▶ _Work order_: Set down without change every line from the line that contains "An der Spitze" through the end of the listing, and only those lines. No pictures.

▶ _Dataset content_:
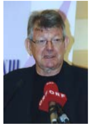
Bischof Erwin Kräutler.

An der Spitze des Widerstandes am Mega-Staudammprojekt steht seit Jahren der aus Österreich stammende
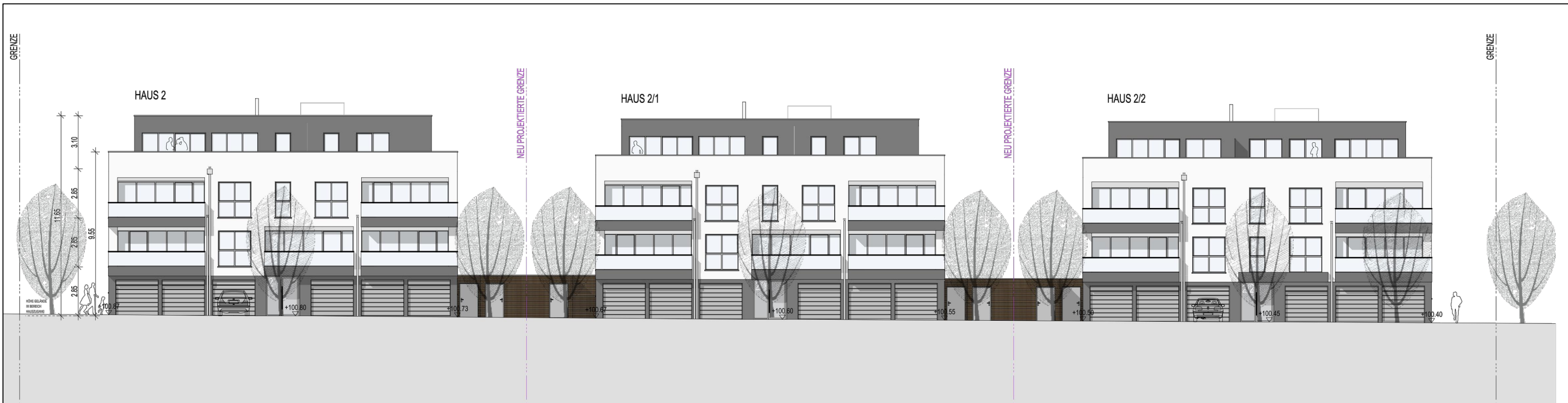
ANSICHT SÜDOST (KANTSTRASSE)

▶ _Task result_:
An der Spitze des Widerstandes am Mega-Staudammprojekt steht seit Jahren der aus Österreich stammende
ANSICHT SÜDOST (KANTSTRASSE)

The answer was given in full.